The parallel-in-time approach offers a fundamentally new way to run simulations. The XBraid multigrid solver first “guesses” a solution to the problem and then uses an algorithm to generate an improved guess. This procedure repeats until the iterations converge to the final solution. The iterative process is accelerated by feeding solutions from coarser (and less computationally expensive) versions of the same problem into finer scale versions. Since the computational cost is proportional to the number of equations, a large problem can be solved in the same time as a smaller one simply by increasing the number of processors working on the calculation. Importantly, solutions from XBraid and sequential time stepping are identical, up to a user-defined tolerance.

In addition to helping researchers perform calculations more quickly, XBraid also better exploits the processing capabilities of HPC systems. “Exascale computers will be even more massively parallel than Sequoia—Livermore’s 20 petaflop, 1.5-million processor flagship supercomputer,” says Schroder. “We need our algorithms to make the best use of that level of parallelism.”

The XBraid team is now refining and optimizing their algorithm for a range of problem types. Recent applications have included power-grid simulations and various fluid-dynamics calculations. In the future, the team will make XBraid compatible with more of the Laboratory’s physics codes by exploring enhancements, such as on-the-fly refinement of spatial and temporal resolution, a significant technical challenge.

Most solutions to time-dependent problems have addressed time steps sequentially, one at a time.

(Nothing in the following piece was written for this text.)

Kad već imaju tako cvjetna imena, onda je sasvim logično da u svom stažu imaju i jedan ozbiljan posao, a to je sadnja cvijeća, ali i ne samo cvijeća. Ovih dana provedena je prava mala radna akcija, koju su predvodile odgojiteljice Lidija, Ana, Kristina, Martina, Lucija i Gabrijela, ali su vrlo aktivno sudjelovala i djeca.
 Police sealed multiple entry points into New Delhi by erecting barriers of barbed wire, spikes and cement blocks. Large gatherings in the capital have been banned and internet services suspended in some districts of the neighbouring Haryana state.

The XBraid code, a parallel-in-time approach, solves all the time steps simultaneously. In this heat equation example, XBraid allows the calculation to progress up to 49 times faster.

Framework Offers Greater Efficiency

At the National Ignition Facility, researchers who study the complex shock wave interactions occurring within high-pressure experiments have found that standard low-order finite difference simulation techniques sometimes fail to satisfactorily represent material behavior under experimental conditions, particularly at material interfaces. A series of LDRD projects conducted by a team of computational mathematicians, physicists, and computer scientists led by applied mathematician Tzanio Kolev aims to remedy this issue and achieve higher fidelity simulations of shock hydrodynamics by developing more advanced numerical algorithms.

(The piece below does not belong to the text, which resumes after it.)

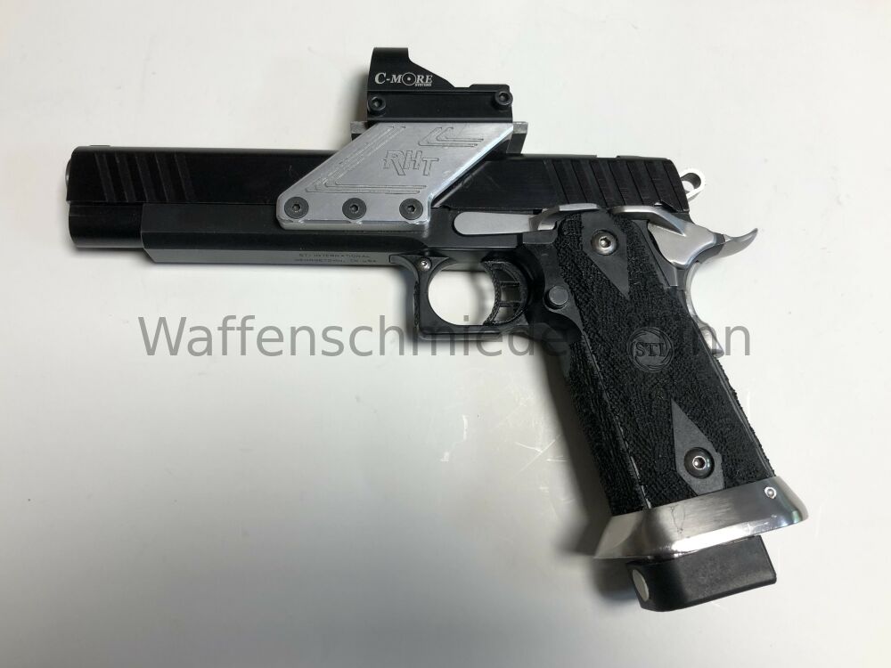 STI Pistole, Eagle LWD 9mm Luger Wechselsystem Kühn 9mm 5 Zoll mit Kompensator Lauf Wechsellauf Kühn 9mm 5 Zoll Zubehör Griffstück: Montage RHT mit C-More RTS 3.5 MOA, Magazintrichter und ge... ...weiterlesen

Kolev and colleagues have created a new, high-order Arbitrary Lagrangian–Eulerian (ALE) framework. Standard low-order ALE methods are based on approximating the solution to a complex equation by breaking down the problem into many smaller parts (elements) along an unstructured grid, or mesh. The team’s high-order ALE framework uses elements with more control points within the mesh, allowing them to curve element boundaries and the geometry inside them. “This approach helps us more accurately follow the material flow,” explains Kolev. In addition, high-order methods spend less time moving data and more time crunching numbers than their lower-order counterparts, which helps offset the growing cost of data movement and enables faster calculations.

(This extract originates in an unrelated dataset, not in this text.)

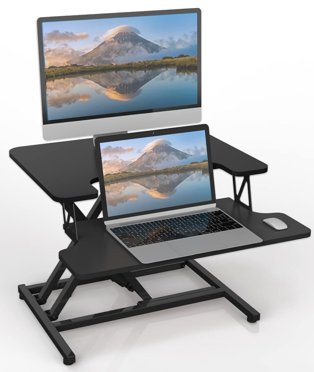 「ERGOMAKER スタンディングデスク 卓上」の最大の魅力は、無段階で高さ調節が可能なことです。ガス圧昇降式なので、デスクをスムーズに調整でき、座ったり立ったりの切り替えがとても簡単に行えます。私のデスクの高さは、13cmから39cmまで調整でき、立った状態でも快適に作業できます。特に、キーボード台もついているため、長時間の作業でも肩や腕に負担がかかりにくいです。
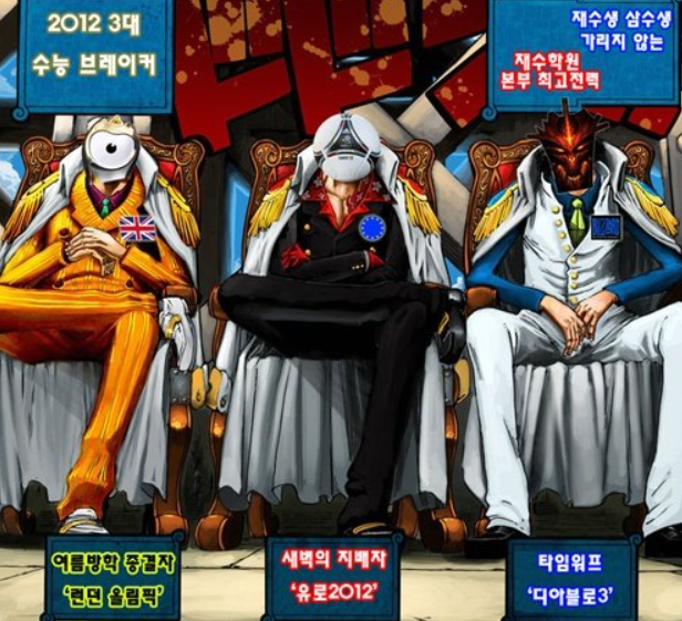 이번 시간에 다뤄볼 밈은 바로 삼대장입니다. 여러분들은 삼대장 하면 어떤게 떠오르시나요? 아마 어린시절 애니메이션이나 만화책으로 원피스를 보셨던 분들은 해당 작품의 등장인물들이 떠오를겁니다. 원피스에서는 해적과 해군이 등장하고 여기서 대장 직군을 가지고 있는 해군 세 명을 일컫어 삼대장이라고 표현합니다. 그렇다면 과연 삼대장은 무엇이고 어떤 식으로 밈이 되었는지까지 한번 알아보도록 하겠습니다.

Over the past few years, the team has successfully demonstrated that the high-order ALE framework can produce accurate and robust simulations of various shock hydrodynamics problems through the method’s implementation in the Livermore-developed BLAST code. The team recently incorporated a new remapping algorithm into the framework, allowing BLAST to simulate larger time steps and to more accurately model multiple materials within one element.

During a simulation, the shape of the elements in the mesh follows the movement of the simulated material, but sometimes the elements insufficiently conform to a physics field and the mesh distorts. For those portions of the calculation, the remapping algorithm “stops time” for the affected function while the mesh evolves. Once the field has been translated, along with the rest of the problem, to a more compatible mesh, the calculation continues from the point where it left off. When the mesh changes, multiple materials can be contained within the same element—a mathematically challenging situation that the BLAST team has successfully resolved, demonstrating a mix of materials can be captured at a very detailed level.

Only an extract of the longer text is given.